Lately I have been seriously thinking of building a DIY system out of PVC pipe for my 20 gal tank..kind of like a homemade, larger version of the neat little Hagen unit that I have on there now.
I have the tools, & the technology, can anyone with experience on this steer me in the right direction? (On a quick search, all I can find so far is info on the soda bottle method, or the diy pressurized, but will keep looking)


----------



## mrbelvedere138 (Jan 18, 2006)

It is much easier to just get a 1 gallon Gatorade bottle and do it that way.


----------



## SkinniMini (Mar 26, 2006)

I am looking more for something sturdier, & compact, able to fit in the space behind my aquarium-I don't like the look of soda bottles, I don't want to have them sitting on my floor while I have to figure out a way to hide them & have seen people use the PVc, I just can't remember where..


----------



## bigstick120 (Mar 8, 2005)

To me PVC would be like using glass, which with DIY inst the best idea. If you get pressure build up you could have a major problem on your hands. Find a plastic bottle that would fit your needs.

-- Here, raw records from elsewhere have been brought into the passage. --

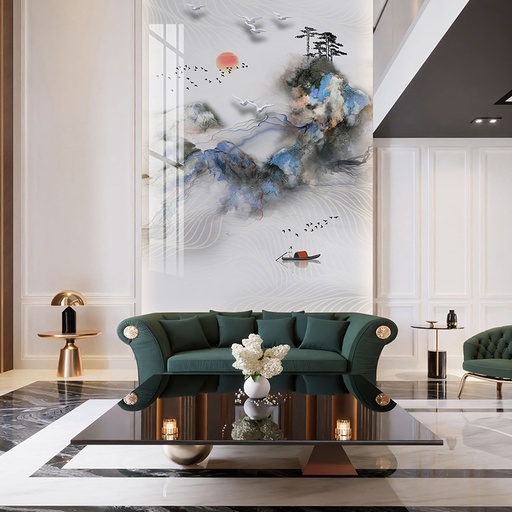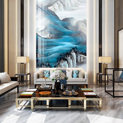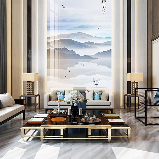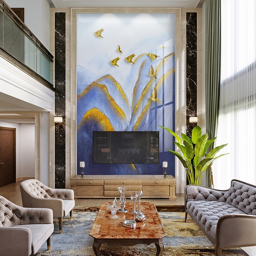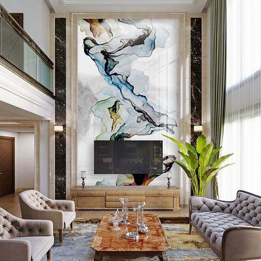 Tranh PVC vân đá thông tầng là giải pháp lý tưởng cho các công trình kiến trúc cao cấp, đòi hỏi sự hoành tráng và liền mạch. Chúng thường được ứng dụng để tạo điểm nhấn cho các mảng tường lớn tại vách tivi, tường sau sofa, khu vực giếng trời, sảnh đón khách của biệt thự, hoặc tường thang máy trong các căn Penthouse. Vẻ đẹp của chúng không chỉ gói gọn trong những không gian rộng lớn, mà còn có thể linh hoạt ứng dụng tương tự như tranh PVC vân đá phòng khách thông thường, giúp đồng bộ hóa phong cách thiết kế trong toàn bộ căn nhà. Dù theo đuổi phong cách cổ điển, tân cổ điển hay hiện đại, bộ sưu tập của 3K Home luôn có những mẫu tranh phù hợp để nâng tầm đẳng cấp không gian sống của bạn.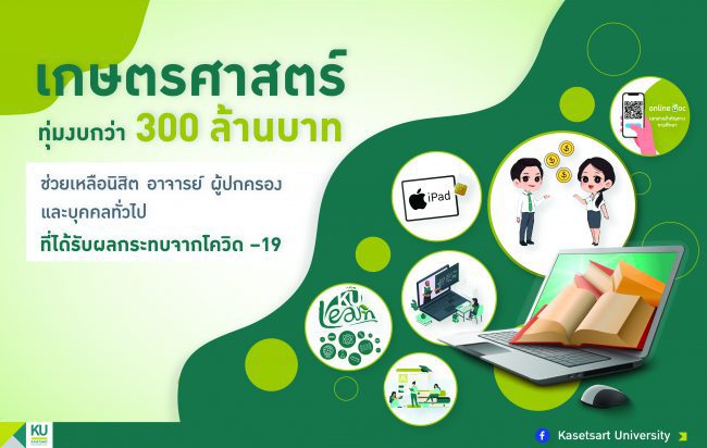 ม.เกษตรศาสตร์ ทุ่มงบกว่า 300 ล้านบาท ให้ความช่วยเหลือนิสิตอย่างต่อเนื่อง กำชับทุกส่วนงานให้บริการสนับสนุนการเรียน-สอน-สอบออนไลน์อย่างเต็มที่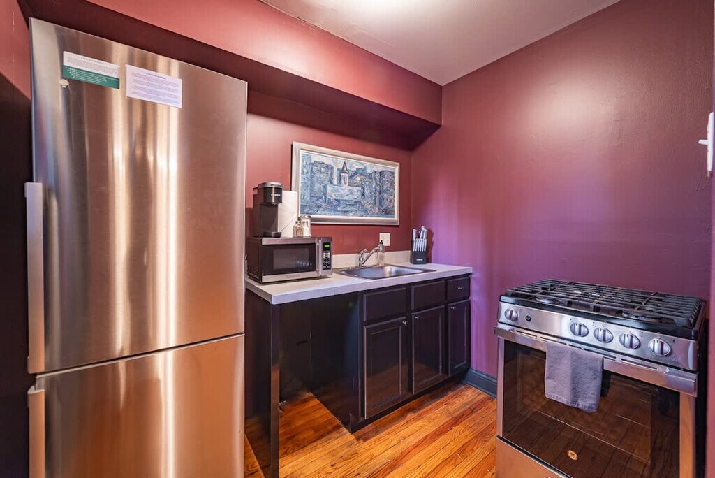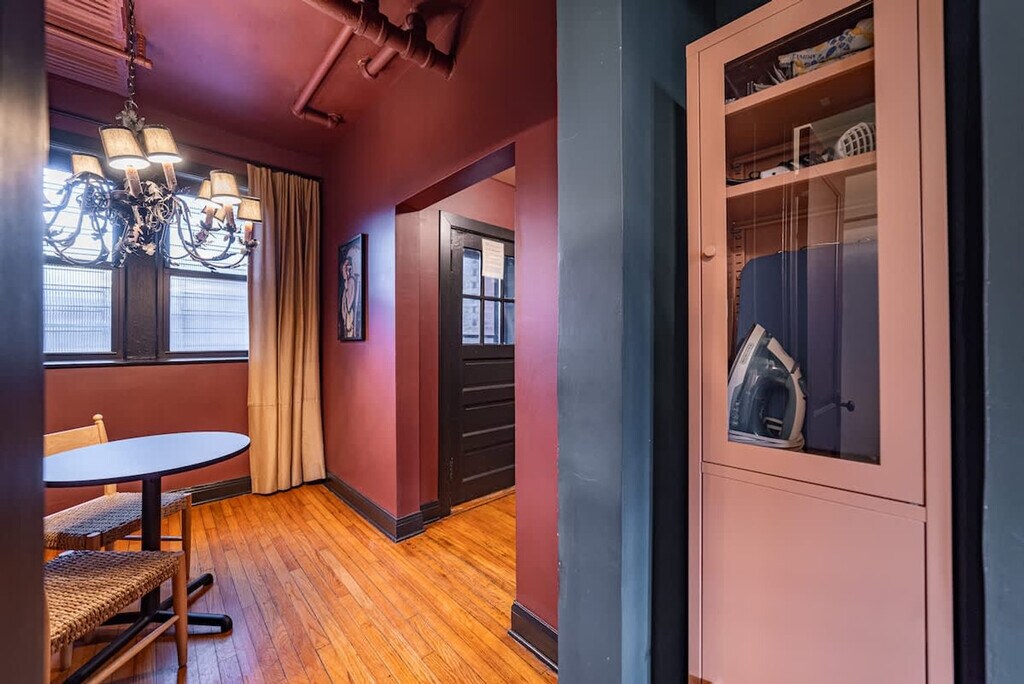 Feel at home in this lovely ground floor apartment, featuring large windows and vintage charm. The apartment is a five-minute walk from Wrigley Field, the Southport shopping corridor, and both the red line and brown line subway stations. This unique apartment includes all the comforts of home while embracing the quirky charm that only a vintage building can offer. It is furnished with art, furniture, and books. Parking isn't included, and the streets around the apartment are either permitted (local residents only) or metered. Using SpotHero to reserve a parking spot nearby is highly recommended. The apartment is centrally located, a short walk away from shops and restaurants. Wrigley Field & Wrigleyville are a 4-minute walk away, the Southport Corridor is a 5-minute walk away, the Music Box Theater is a 10-minute walk away, the Metro Theatre is a 6-minute walk away, Boystown is a 13-minute walk or 5 minutes via public transit, the Lakefront Trail & Belmont Harbor are 8 minutes via public transit or driving, the Lincoln Park Zoo is 20 minutes via public transit or a 12-minute drive, and Downtown is 20 minutes via public transit or a 16-minute drive. The Southport 'L' train stop (Brown line) is an 8-minute walk away, the Addison 'L' train stop (Red/Brown lines) is a 7-minute walk away, O'Hare is 50 minutes via public transit or ~35 minutes driving, and Midway is 65 minutes via public transit or ~45 minutes driving. Because the apartment is located in a 100+ year-old urban building on the ground floor, you may occasionally find an errant cobweb or two, and you may occasionally hear some noise from neighbors or passersby. [SI]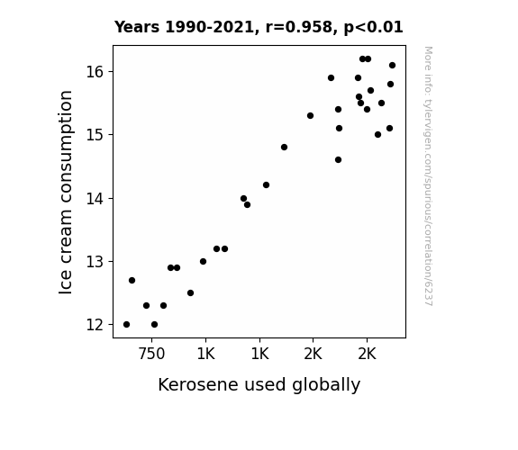 This means 91.8% of the change in the one variable (i.e., Kerosene used globally) is predictable based on the change in the other (i.e., Ice cream consumption) over the 32 years from 1990 through 2021.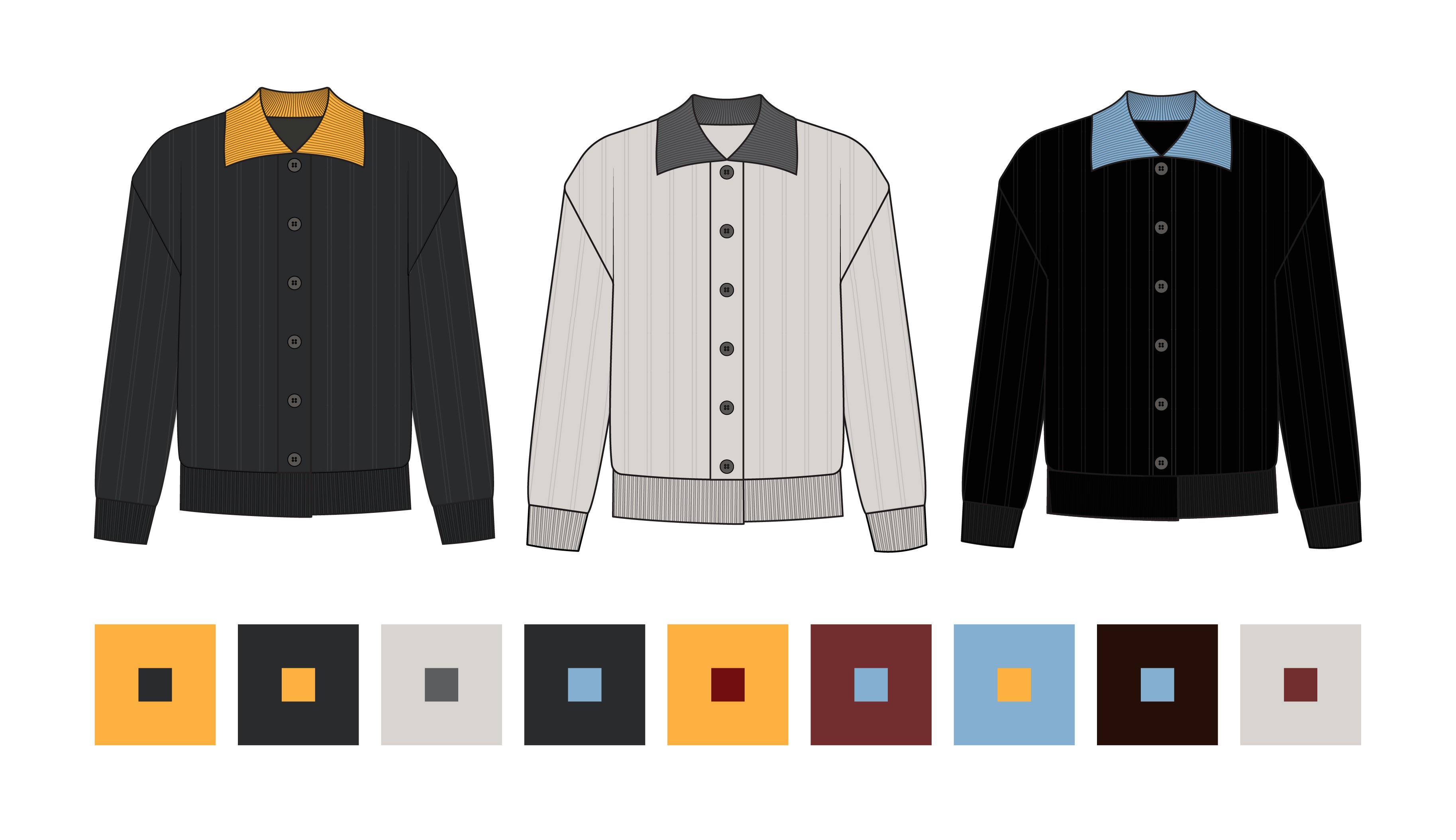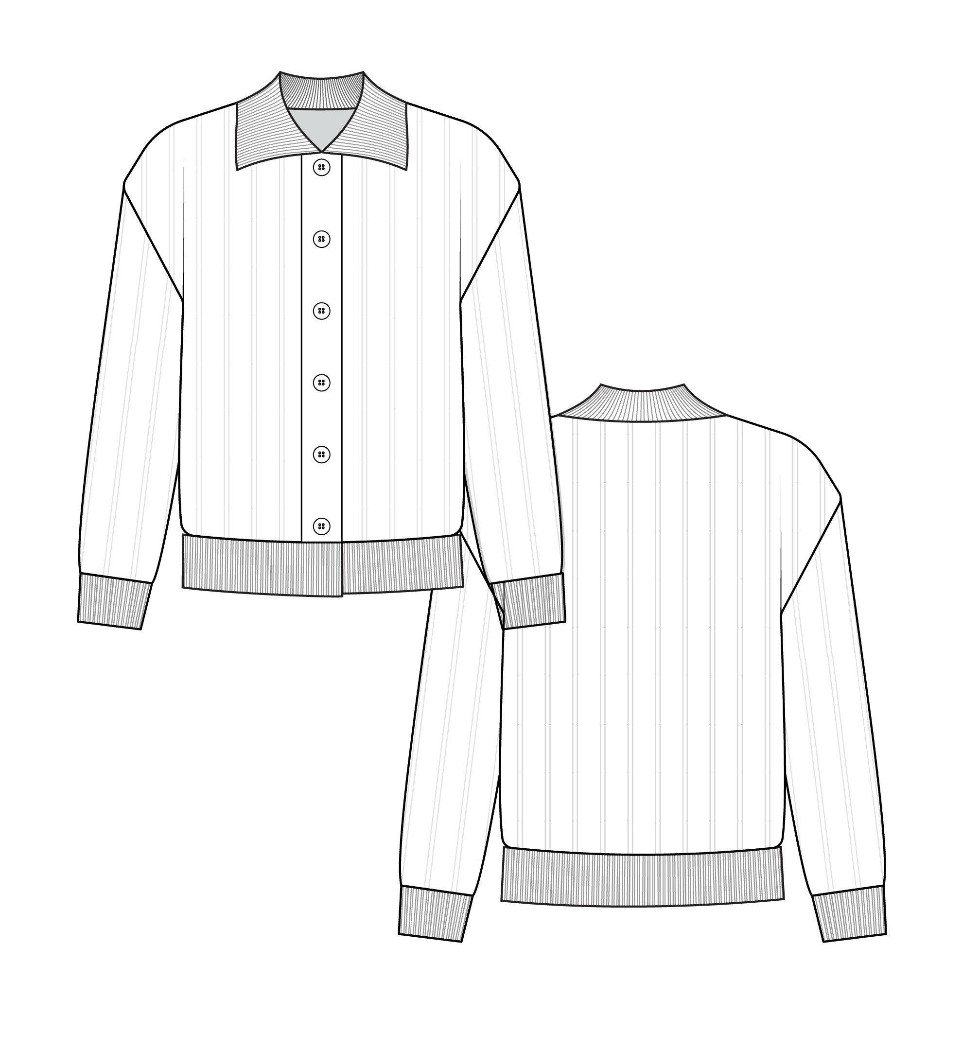2x2 Rib Hem and Cuffs, 1x1 Rib Collar

There are thousands of different styles, check out your local walmart or grocery store for a bottle


----------



## LilLou (Apr 23, 2006)

Depeneding on the size of reactor you are looking for here is the formula worked out to figure out what you need:


Calculations based on 6" tall pipe
(.3' X .3') X .7856=.070704 X .5'=.035352 Sq Ft

.35352 Sq Ft X 7.5 gal/Sq Ft= .26514 Gallons

.26514 Gal X 128 ounces/gal= 33.92792 ounces

33.92 ounces = approx 1 liter

so for a 2L bottle use a 12" pipe
3L use 18" pipe

cap the bottom, short piece of pipe, threaded adapter, screw cap drilled and tapped for hose barb adapter fitting.

Hope it helps
Lou


----------



## wiste (Feb 10, 2006)

If using PVC, over pressure protection is a good idea. My first CO2 generation system, an aquamedic, was of hardplastic. It used a small pop-off valve for protection.


----------